Saturday, July 03, 2010

Judge Lifts Injunction on Drilling Moratorium

In the Gulf

Judge lifts injunction on drilling moratorium

By Gene Clancy
Published Jul 2, 2010 8:11 AM

Last weekend British Petroleum CEO Tony Hayward took a break. As sticky, gooey oil continued to gush into the Gulf of Mexico, he watched the yacht he owns race in an event called (no kidding!) the “J.P. Morgan Asset Management Round the Island Race.”

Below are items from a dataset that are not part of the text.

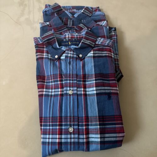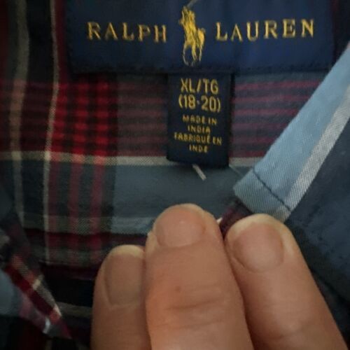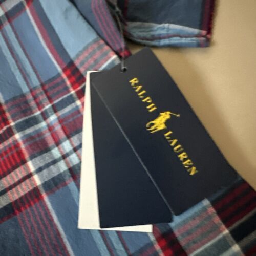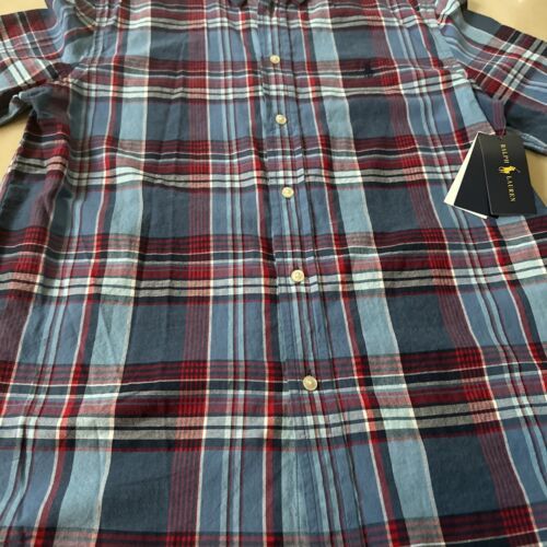 RALPH LAUREN POLO BOYS BUTTON DOWN SHIRT XL/TG 18/20 TARTAN PLD SUMER BLU MU NWT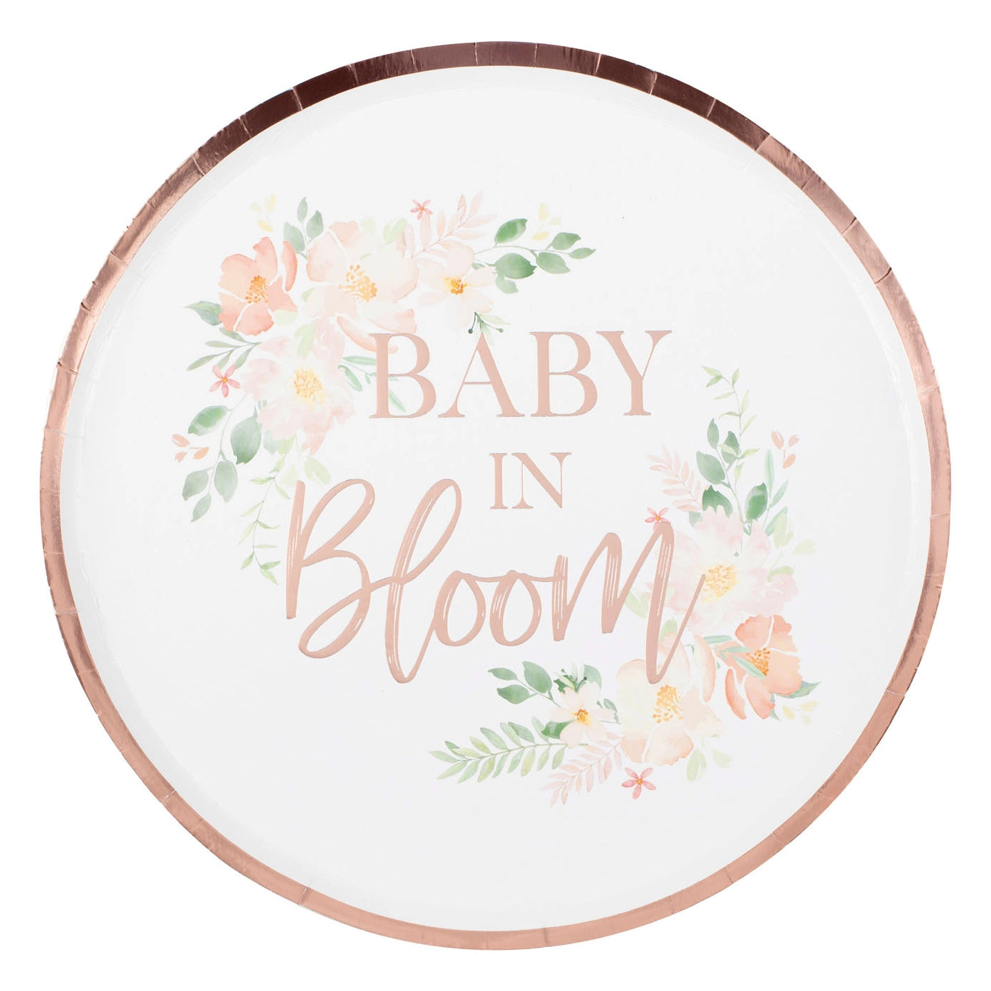 Vier je babyshower in stijl met de bordjes Baby in Bloom. De papieren bordjes zijn wit en bedrukt met de tekst Baby in Bloom in rosé goud. Ook zijn ze voorzien van een mooie bedrukking in floral thema van bloemen en blaadjes. De opstaande roségouden rand zorgt ervoor dat de muisjes niet van je bordje afrollen.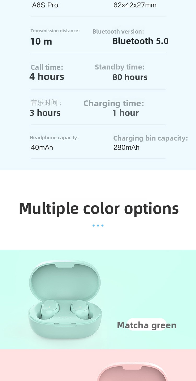 Colors Available: White, Black, Green, Pink, Blue (for A6S, E6S, E7S models)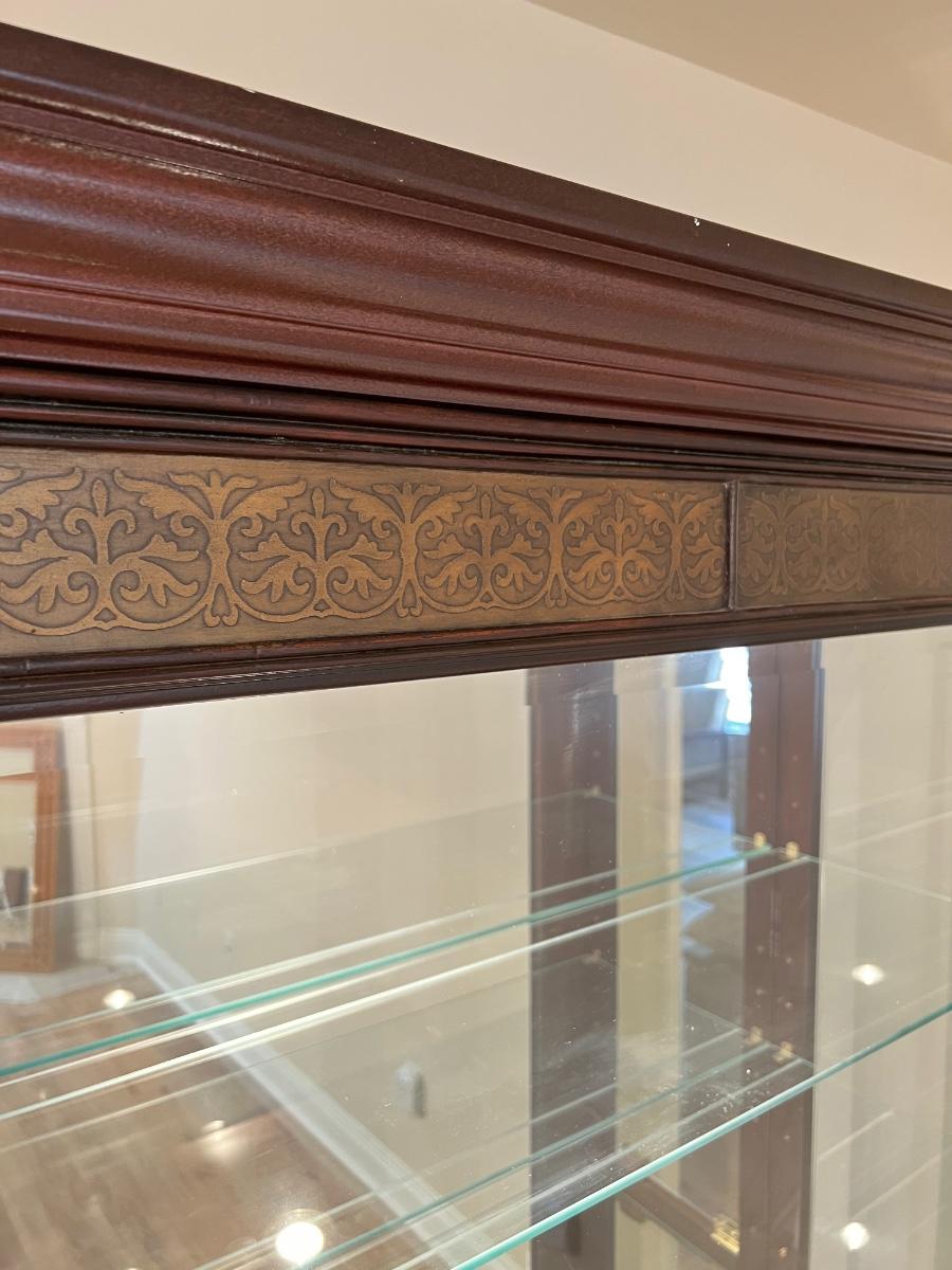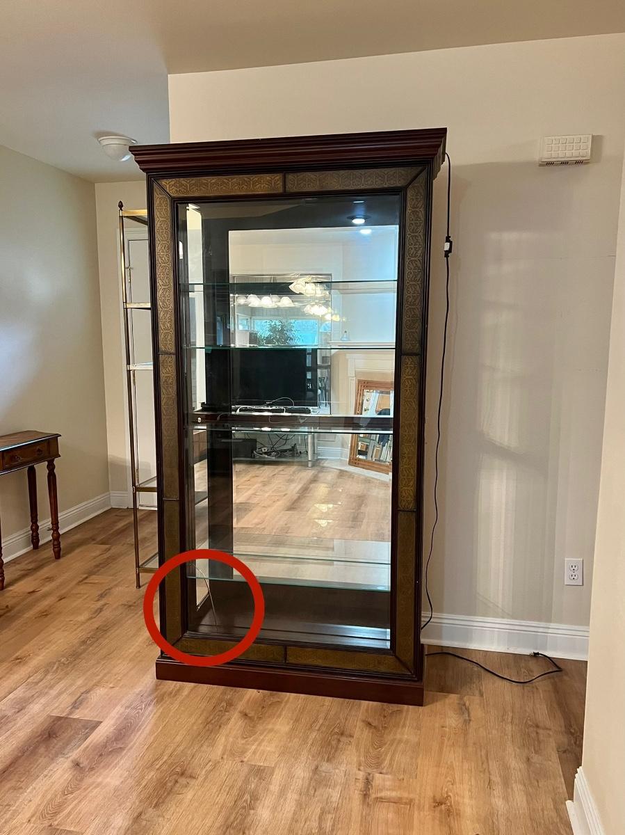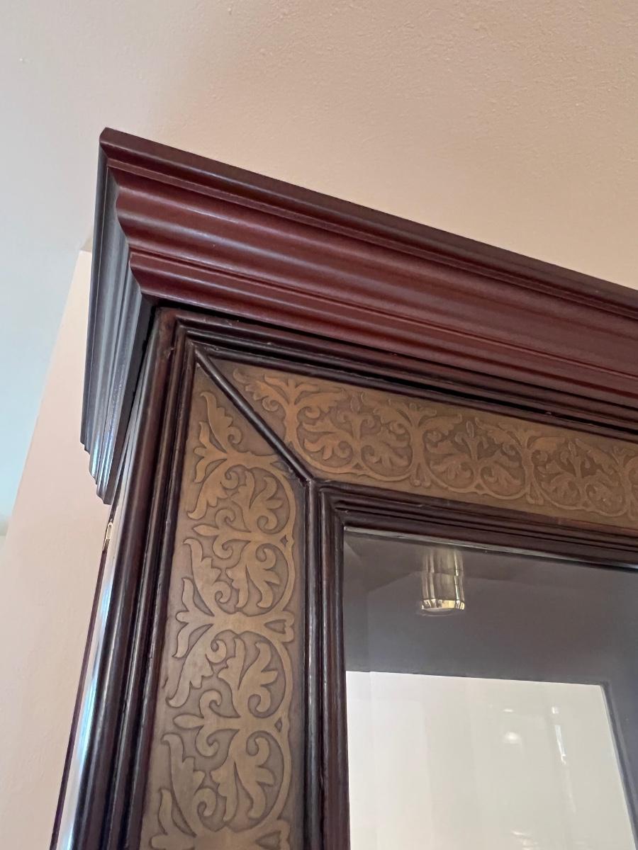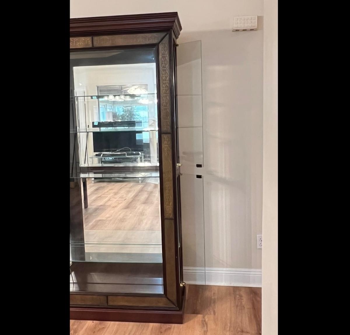This beautiful cabinet has 2 modes for ambience lighting. The entry to the cabinet are through the sides. Inlay around the outer cabinet is a decorative brass inlay. Has 5 shelves, one shelf has a chip in the corner. See photo. Needs some repair to the back to secure the mirror. Please note that the Mirror is cracked in lower left corner. Will need a little extra care when moving. See photo 79” H x 43 W x 15” D

The mainstream media in the U.S. were aghast. Within days, BP announced that Hayward was being replaced by Bob Dudley, an “American” executive of BP, to head the public response and cleanup efforts in the Gulf region. The media forgot to mention that the yacht race’s sponsor, JP Morgan, has a 40 percent stake in BP or that more than 50 percent of the company’s stock is U.S. owned.

Meanwhile, ExxonMobil, which had previously accused BP of cutting corners and putting profits ahead of the safety of workers and the environment, announced that the moratorium on new deepwater drilling imposed by President Barack Obama was severely limiting its operations in the Gulf.

Until the BP catastrophe, Exxon held the dubious distinction of causing the largest oil spill in U.S. history — the Exxon Valdez disaster of 1989.

A few days later, Federal Judge Martin Feldman of New Orleans blocked Obama’s six-month moratorium.

An oily judge

Some environmentalists were surprised by Feldman’s order mainly because Obama’s moratorium was moderate and very limited. It only forbade exploratory drilling in the deepest water, about which little is currently known.

Six months actually seems like a short period in which to determine the causes of such a catastrophe as the BP explosion and constant leak. The administration immediately announced that it would appeal, but on June 24 Feldman refused to put his ruling on hold.

Financial statements released by Feldman in 2009 reveal that he was heavily invested in the oil and gas industry. Among his holdings is Transocean, the leasing company involved in the BP disaster. Others include EV Energy Partners, an oil and gas exploration firm; Enterprise Products Partners, which builds onshore and offshore pipelines; Energy Transfer, which also builds pipelines; Basic Energy Services; Provident Energy; Petrohawk Energy; Valero Energy, an oil refiner; Crosstex Energy, a natural-gas provider; and (significantly) ExxonMobil.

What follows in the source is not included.